Activity:
All of the data is to be printed exactly, though the images must be left off.

(Saved data entries)
● ● ●

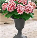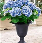 Denna blåvitt blommande hortensia i kombination med den dekorativa prydnadskrukan ger en somrig stämning åt din terrass eller balkong. Blommar rikt och länge. Zon 4. Leveranshöjd 30-35 cm. Mått på prydnadskrukan är: diameter 30 cm och höjd 38 cm.
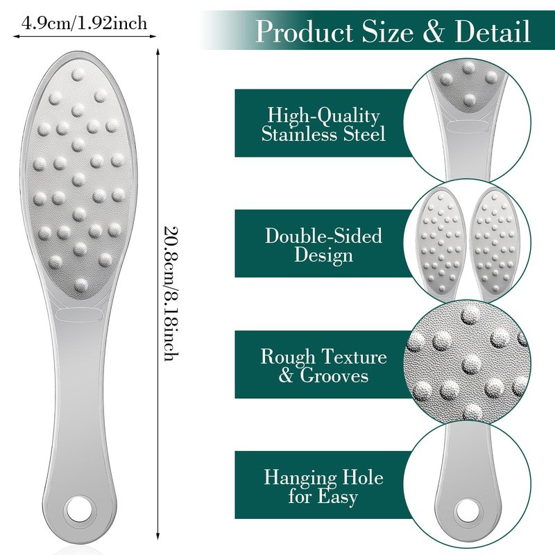 - 【Premium Stainless Steel Construction】Weighing 73g and crafted from 1.5mm thick stainless steel, this foot scraper for callus removal is sturdy yet lightweight. It resists fading and bending, ensuring durability without compromise. Stainless steel also shields against rust and corrosion, effectively buffing away dry skin and smoothing rough patches while being gentle on your feet to prevent pain or irritation.
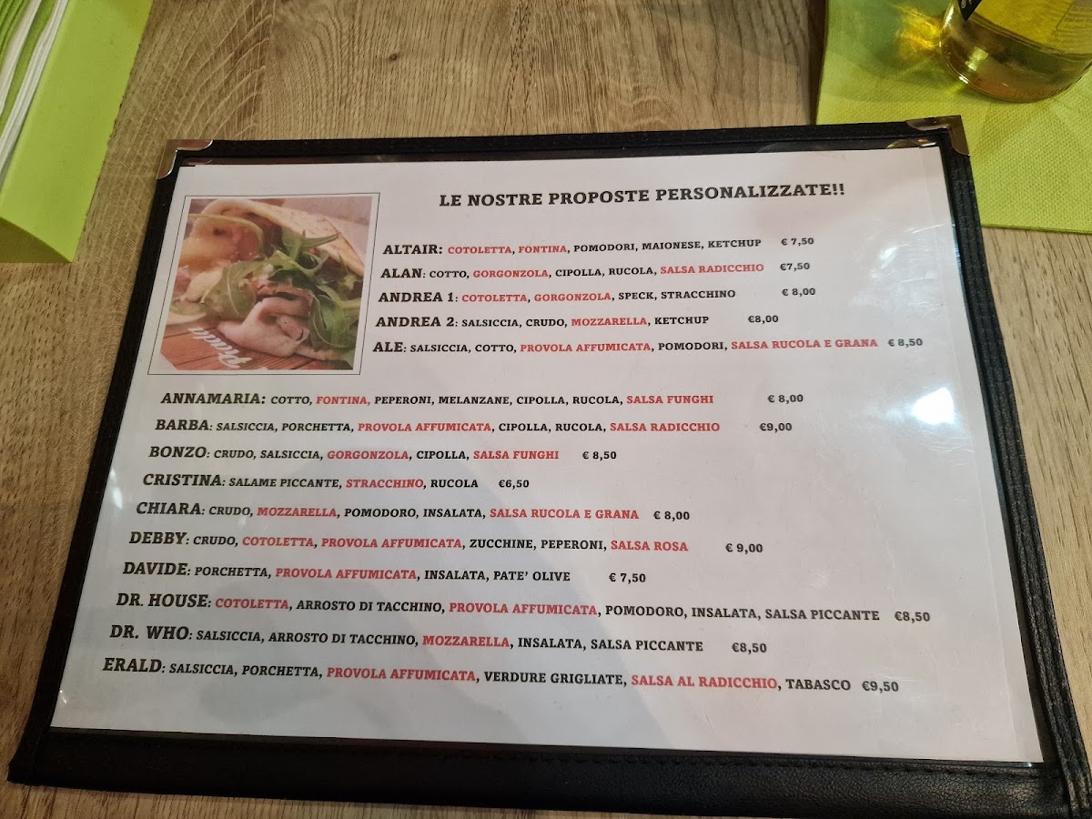 You’ll find a diverse selection of piade thoughtfully crafted with fresh, quality fillings. Examples include the Calleburger, a hearty choice that combines familiar burger elements with the softness of piada bread, and the Piadina Cotto e Cotoletta, which delivers comforting tastes of cured ham and breaded cutlet. For something a little different, options like the Piadina con Zucchine Stracchino e Porchetta offer a balanced mix of creamy and savory notes, perfect for a light lunch or an informal dinner.
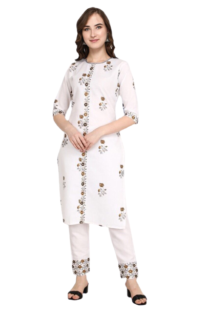 Ethnic design solid colour pure cotton heavy slub fabric Kurti with minimal embroidered work on the centre front and solid colour and foil floral print across the Kurti; paired with straight cut narrow fit ankle length pure cotton pants with embroidered floral border.
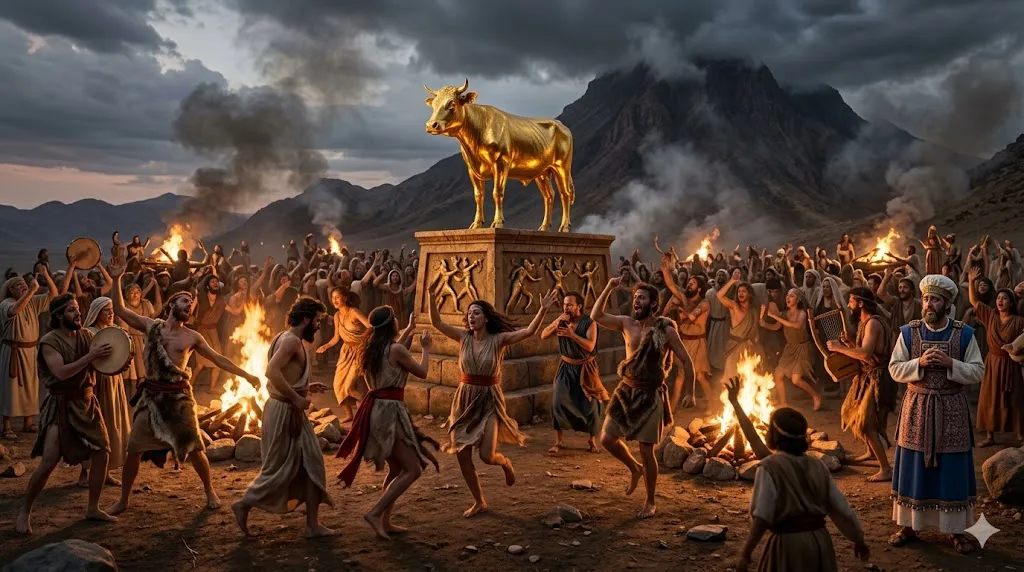 출애굽기 32장에서 킹제임스 성경은 금 송아지 사건에 숨겨진 다신교적 혼돈과, 영적 타락이 가져온 '육체적 더러움(음란)'의 실태를 적나라하게 폭로합니다.

● ● ●

Exercise solution:
 Denna blåvitt blommande hortensia i kombination med den dekorativa prydnadskrukan ger en somrig stämning åt din terrass eller balkong. Blommar rikt och länge. Zon 4. Leveranshöjd 30-35 cm. Mått på prydnadskrukan är: diameter 30 cm och höjd 38 cm.
 - 【Premium Stainless Steel Construction】Weighing 73g and crafted from 1.5mm thick stainless steel, this foot scraper for callus removal is sturdy yet lightweight. It resists fading and bending, ensuring durability without compromise. Stainless steel also shields against rust and corrosion, effectively buffing away dry skin and smoothing rough patches while being gentle on your feet to prevent pain or irritation.
 You’ll find a diverse selection of piade thoughtfully crafted with fresh, quality fillings. Examples include the Calleburger, a hearty choice that combines familiar burger elements with the softness of piada bread, and the Piadina Cotto e Cotoletta, which delivers comforting tastes of cured ham and breaded cutlet. For something a little different, options like the Piadina con Zucchine Stracchino e Porchetta offer a balanced mix of creamy and savory notes, perfect for a light lunch or an informal dinner.
 Ethnic design solid colour pure cotton heavy slub fabric Kurti with minimal embroidered work on the centre front and solid colour and foil floral print across the Kurti; paired with straight cut narrow fit ankle length pure cotton pants with embroidered floral border.
 출애굽기 32장에서 킹제임스 성경은 금 송아지 사건에 숨겨진 다신교적 혼돈과, 영적 타락이 가져온 '육체적 더러움(음란)'의 실태를 적나라하게 폭로합니다.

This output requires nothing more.